§ The records:

>>>

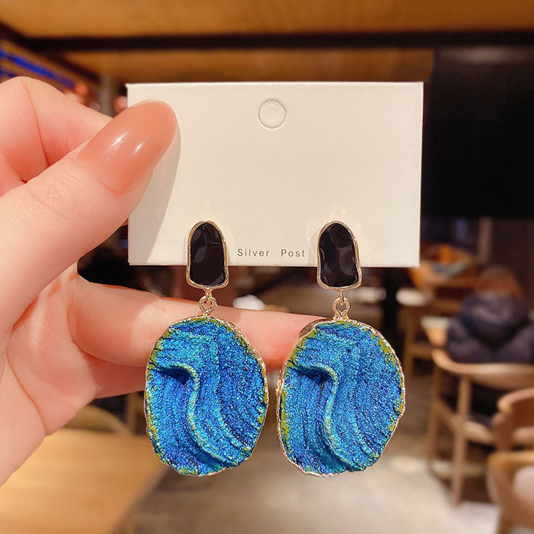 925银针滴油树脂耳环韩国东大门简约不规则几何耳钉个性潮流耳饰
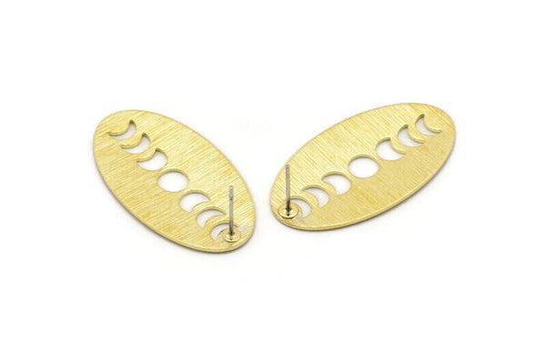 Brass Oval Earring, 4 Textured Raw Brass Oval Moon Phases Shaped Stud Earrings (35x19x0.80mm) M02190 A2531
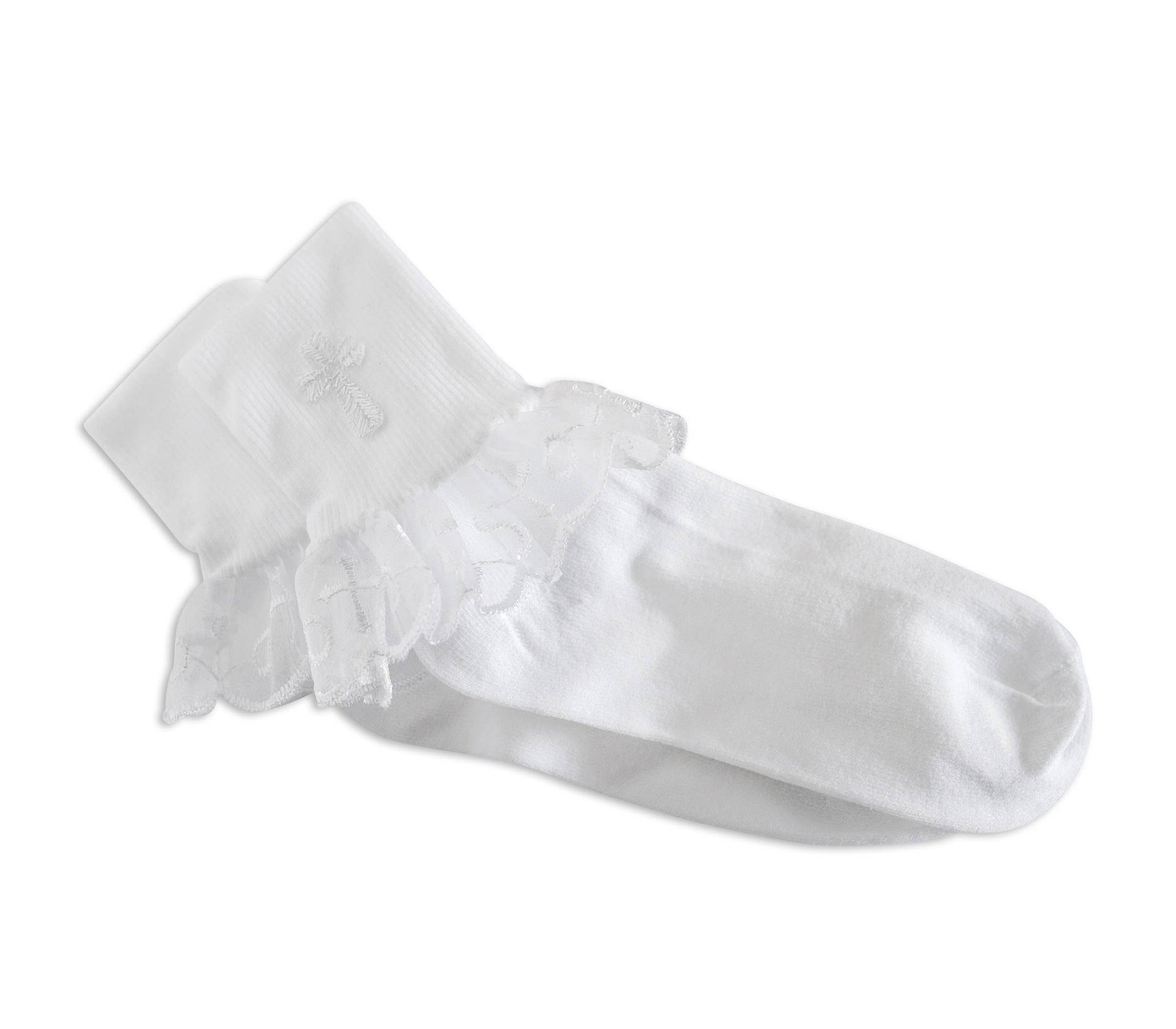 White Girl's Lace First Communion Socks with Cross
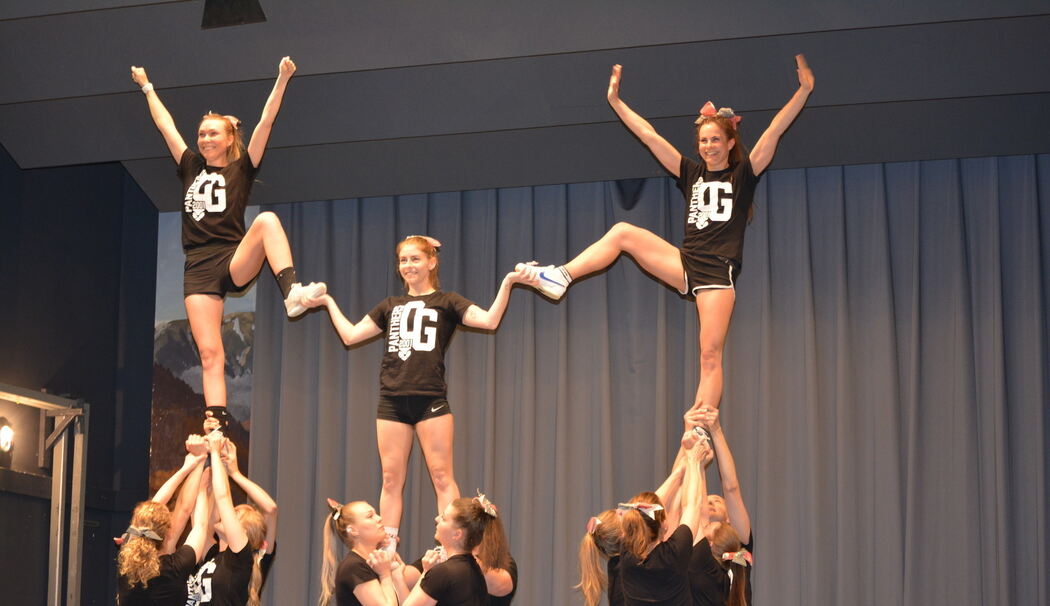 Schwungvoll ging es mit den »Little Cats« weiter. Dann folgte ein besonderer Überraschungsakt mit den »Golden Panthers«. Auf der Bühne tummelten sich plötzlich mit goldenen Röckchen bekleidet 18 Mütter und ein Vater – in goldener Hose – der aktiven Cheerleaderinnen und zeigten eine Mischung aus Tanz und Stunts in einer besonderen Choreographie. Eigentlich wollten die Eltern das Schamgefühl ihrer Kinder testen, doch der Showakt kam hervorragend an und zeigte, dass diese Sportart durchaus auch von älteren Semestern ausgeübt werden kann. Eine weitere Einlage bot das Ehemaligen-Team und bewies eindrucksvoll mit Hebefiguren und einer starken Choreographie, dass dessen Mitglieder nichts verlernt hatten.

<<<
>>>

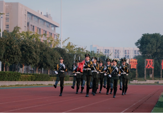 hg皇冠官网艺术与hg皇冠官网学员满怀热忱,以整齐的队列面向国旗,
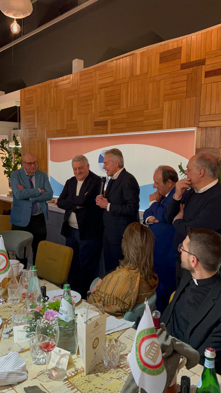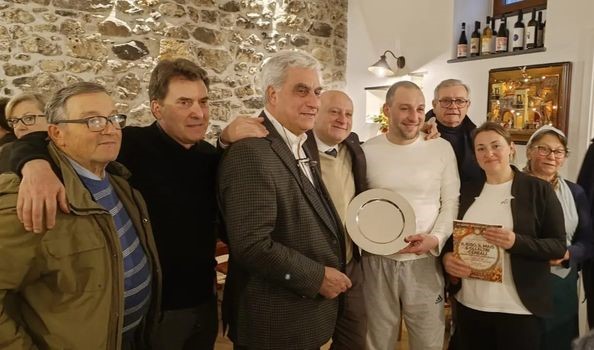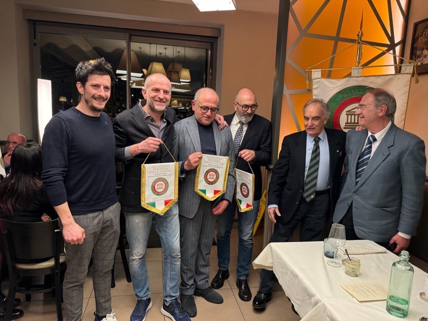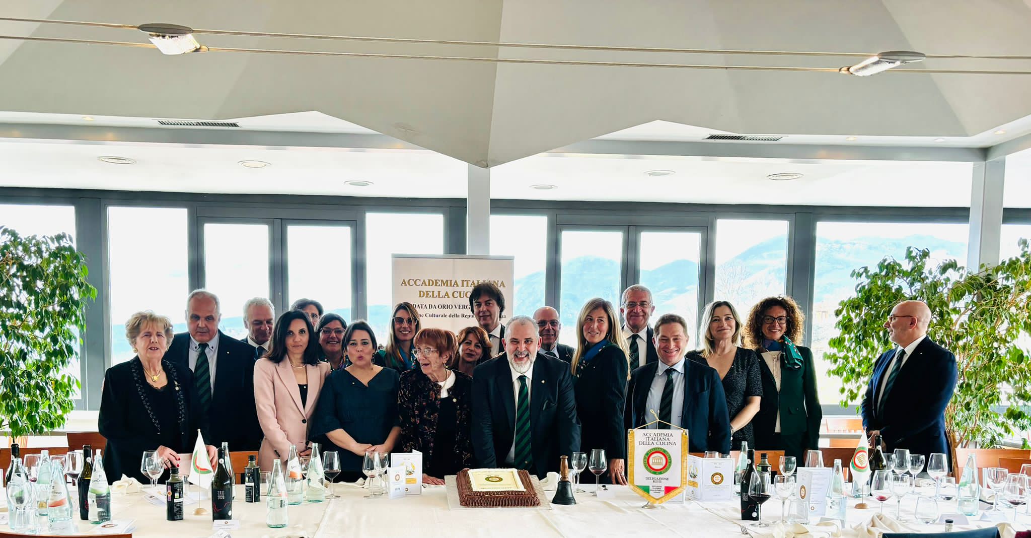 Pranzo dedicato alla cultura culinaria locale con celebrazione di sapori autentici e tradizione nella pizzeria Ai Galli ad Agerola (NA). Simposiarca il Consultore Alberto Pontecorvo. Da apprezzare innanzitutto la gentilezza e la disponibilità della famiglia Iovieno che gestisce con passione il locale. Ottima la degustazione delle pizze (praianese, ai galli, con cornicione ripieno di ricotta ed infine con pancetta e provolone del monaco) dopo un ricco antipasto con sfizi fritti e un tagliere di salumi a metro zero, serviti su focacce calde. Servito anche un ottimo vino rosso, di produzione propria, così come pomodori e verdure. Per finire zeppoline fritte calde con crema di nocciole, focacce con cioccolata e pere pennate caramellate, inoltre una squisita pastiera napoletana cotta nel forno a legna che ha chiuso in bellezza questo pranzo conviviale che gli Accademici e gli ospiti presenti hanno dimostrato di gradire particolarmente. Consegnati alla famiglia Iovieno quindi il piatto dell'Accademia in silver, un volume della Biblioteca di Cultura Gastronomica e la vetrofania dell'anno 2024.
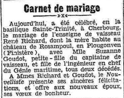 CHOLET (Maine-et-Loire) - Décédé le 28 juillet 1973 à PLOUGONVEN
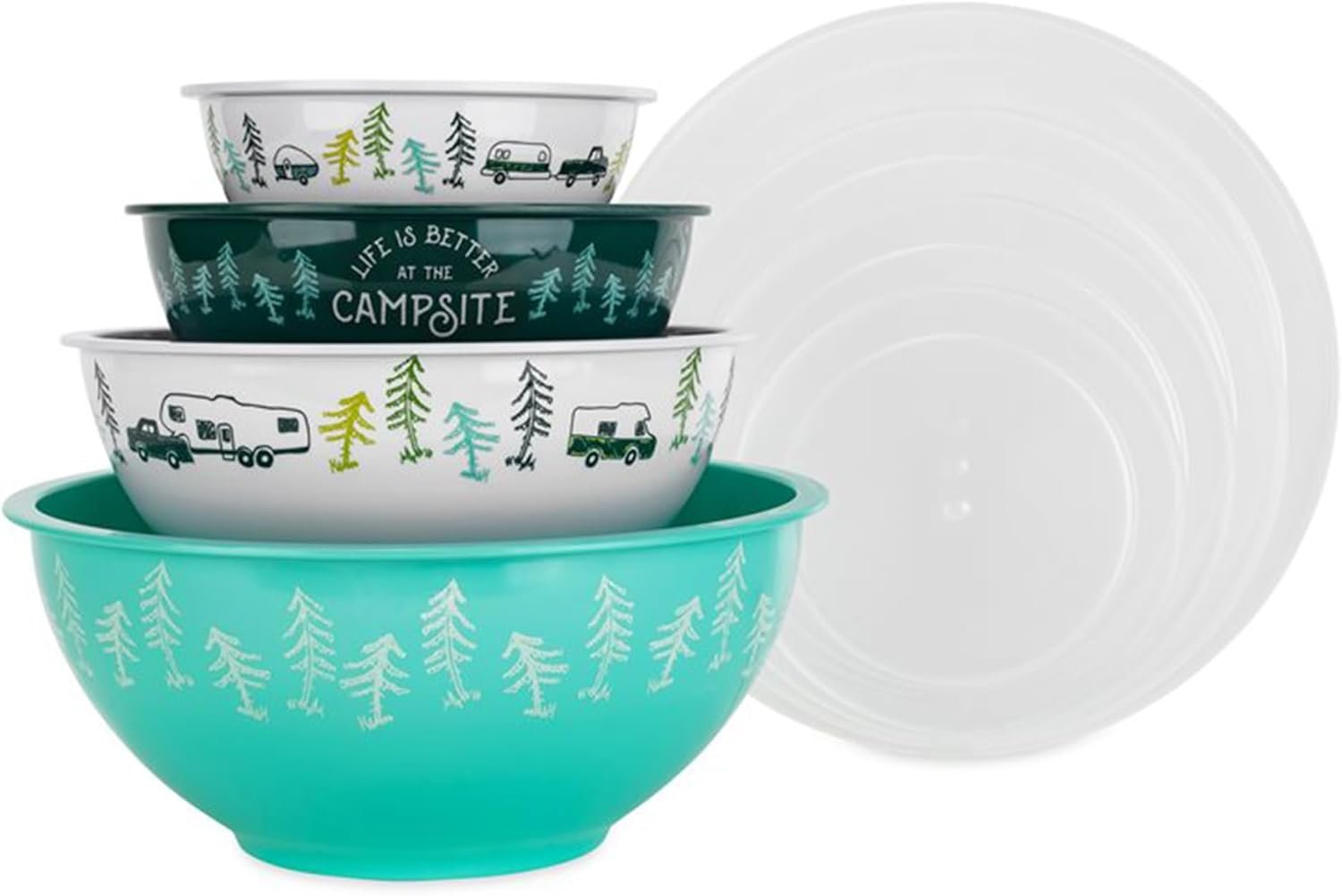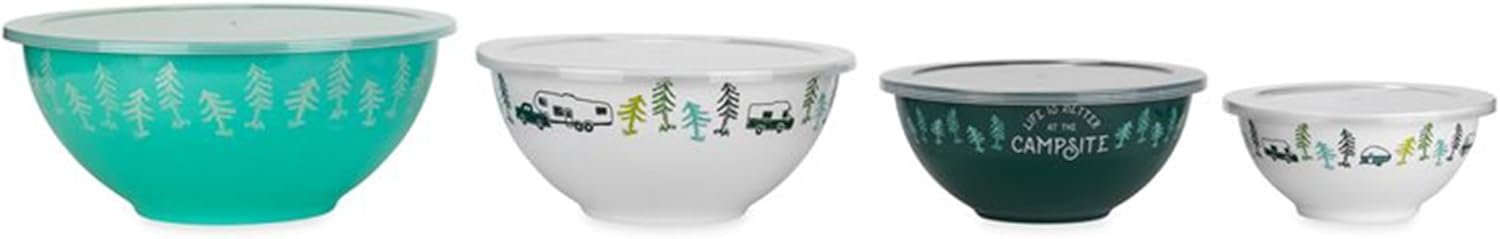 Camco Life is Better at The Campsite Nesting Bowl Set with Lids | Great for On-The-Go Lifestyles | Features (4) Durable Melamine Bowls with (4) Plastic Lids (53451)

<<<

§ Try it: Print the part of the listing above that opens with the line containing "CHOLET (Maine-et-Loire) - Décédé" and closes with the line containing "Camco Life is". Copy it exactly, both ends included, and omit the pictures.

§ Reply to the task:
 CHOLET (Maine-et-Loire) - Décédé le 28 juillet 1973 à PLOUGONVEN
 Camco Life is Better at The Campsite Nesting Bowl Set with Lids | Great for On-The-Go Lifestyles | Features (4) Durable Melamine Bowls with (4) Plastic Lids (53451)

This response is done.